The OCTAVE (Observational Cohort trial T cells, Antibodies and Vaccine Efficacy in SARS-CoV-2) trial (ISRCTN 12821688) aims to assess the SARS-CoV-2 vaccine responses of immunocompromised individuals that were part of the UK national COVID-19 vaccination programme and the majority of subjects received either the COVID-19 mRNA vaccine BNT162b2 (Pfizer/BioNTech) or the ChAdOx1 Vaccine (AstraZeneca formerly AZD1222)33,66. The serum from individuals in the OCTAVE cohort used within this study (n = 21) was collected 25–67 days post-boost with the ChAdOx1 Vaccine, between May and July 2021. These samples were randomly selected and the corresponding individuals had a diagnosis belonging to one of the following groups: autoimmune hepatitis (n = 2), liver cirrhosis (Child Pugh A (n = 6) or Child Pugh B (n = 3)), Crohn’s disease (n = 2), ulcerative colitis (n = 6), kidney transplant (n = 2).
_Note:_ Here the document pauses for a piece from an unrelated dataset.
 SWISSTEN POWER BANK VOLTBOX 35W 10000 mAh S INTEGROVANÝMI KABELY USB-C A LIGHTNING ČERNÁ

All patients and participants provided their written informed consent to participate in this study. The OCTAVE Trial was approved by the UK Medicines and Healthcare Products Regulatory Agency (MHRA) on 5 February 2021 and by the London and Chelsea Research Ethics Committee (REC ref.: 21:/HRA/0489) on 12 February 2021. The protocol has subsequently been amended eight times with five substantial amendments (with ethical approvals dated 3 March 2021, 19 April 2021, 24 December 2021 and 4 April 2022) and three non-substantial amendments: protocol versions dated 22 April 2021, 14 July 2021 and 10 September 2021. The trial is registered on ISRCTN12821688.
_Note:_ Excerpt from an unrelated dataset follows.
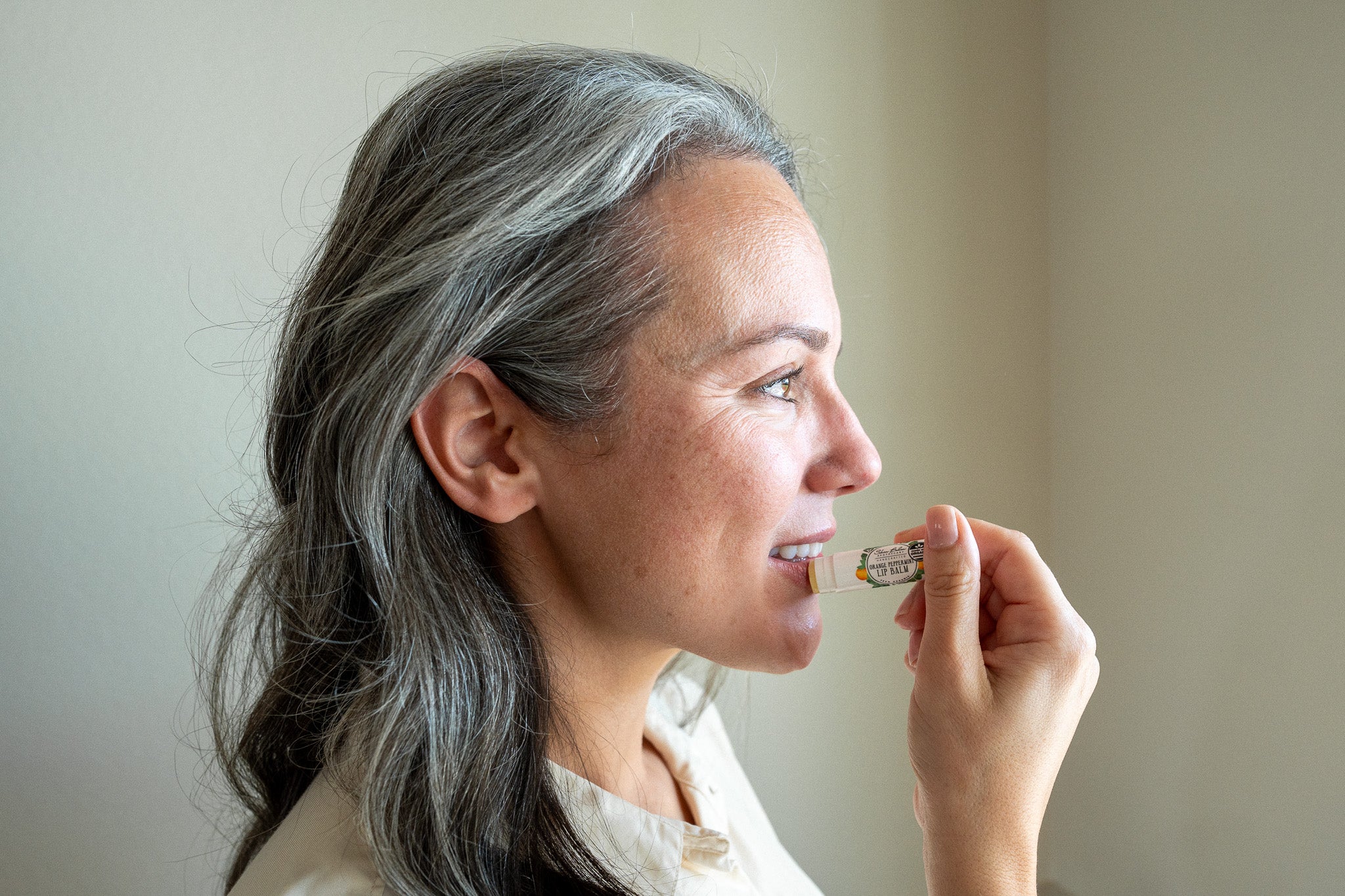 A smiling woman holds a jar of the Sweet Dreams Glow Balm while applying it to her face.

The OPTIC (Oxford Protective T-cell Immunity to Coronavirus) study is a prospective, longitudinal observational cohort study of healthcare workers (HCWs) as part of the national PITCH (Protective Immunity from T Cells in Healthcare workers) consortium. HCWs defined as SARS-CoV-2 naïve based on documented PCR and/or serology results were recruited after vaccination with the COVID-19 mRNA Vaccine BNT162b2 (Pfizer)34. The serum from individuals in the OPTIC cohort used within this study (n = 10) was collected 7-days post-boost, in January 2021. The samples were randomly selected for use in this study. The OPTIC healthcare worker participants were recruited under the GI Biobank Study 16/YH/0247, approved by the research ethics committee (REC) at Yorkshire & The Humber - Sheffield Research Ethics Committee on 29 July 2016, which was amended for this purpose on 8 June 2020. All patients and participants provided their written informed consent to participate in this study.
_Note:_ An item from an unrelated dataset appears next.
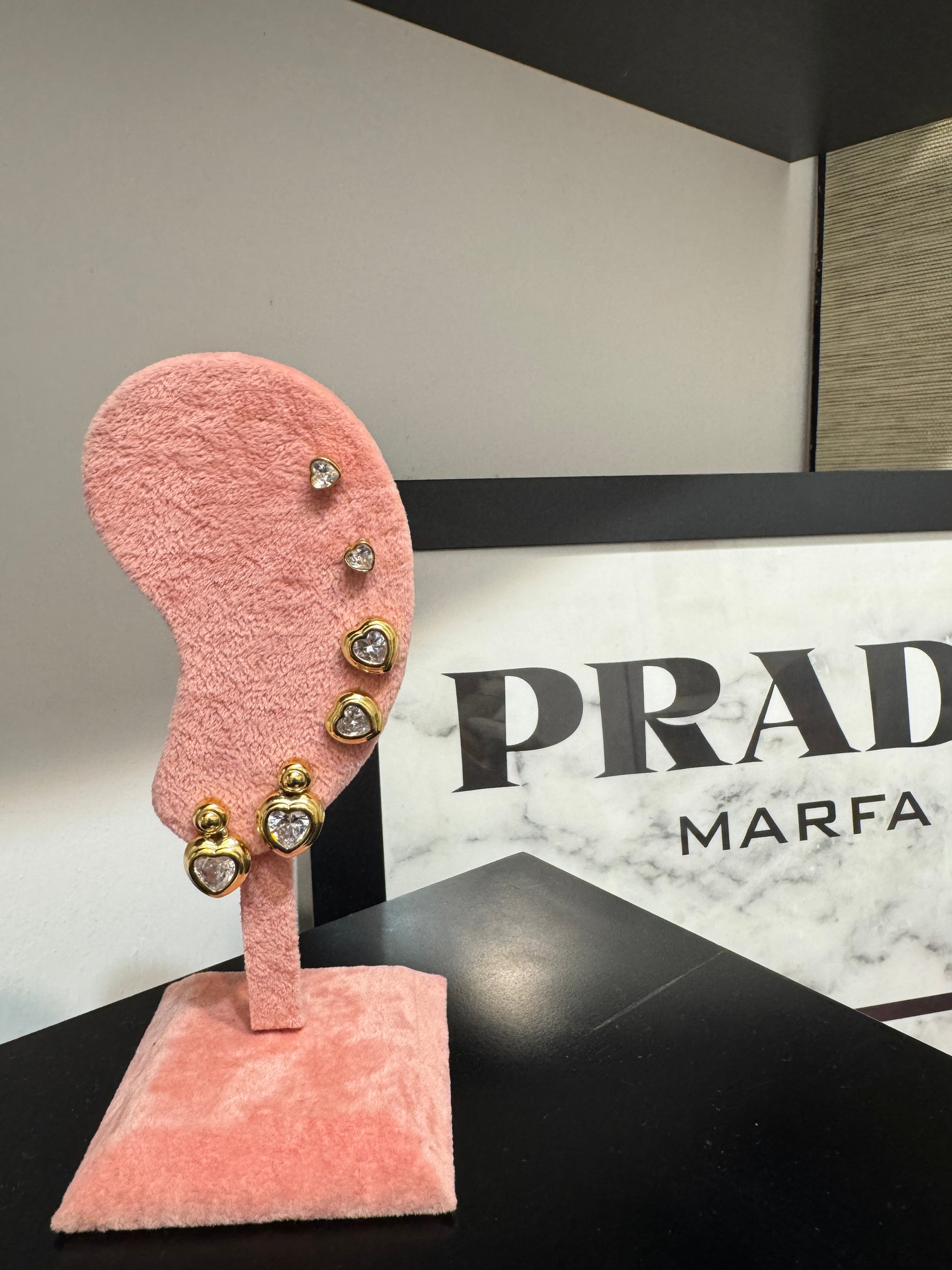 Set di 6 orecchini a cuore, composto da tre coppie diverse per dimensione e stile. Ogni orecchino è impreziosito da un cuore luminoso con pietra brillante, incorniciato da una montatura morbida e delicata che esalta la luce.

All OPTIC and OCTAVE serum samples were heat-inactivated at 56 °C for 30 min prior to their use in this study.
Cells and virus stocks
The wild-type Victoria/01/2020 (VIC01) isolate was originally supplied by the Doherty Centre Melbourne67 and was passaged in Vero E6/TMPRSS2 cells (NIBSC Research Reagent Repository, UK. NIBSC reference 100978), and confirmed identical to GenBank MT007544.1, B hCoV-19_Australia_VIC01_2020_ EPI_ ISL_ 406844_ 2020-01-25. The BA.1 Omicron/BA.1.1.529 strain (hCoV/England/FCI-099/2021) was originally provided by the Francis Crick Institute and subsequently by Professor William James from the Sir William Dunn School of Pathology, University of Oxford. The virus was passaged in Vero E6/TMPRSS2 cells (provided by the NIBSC Research Reagent Repository, UK. NIBSC Reference 100978) and confirmed identical to GenBank ON020748.1.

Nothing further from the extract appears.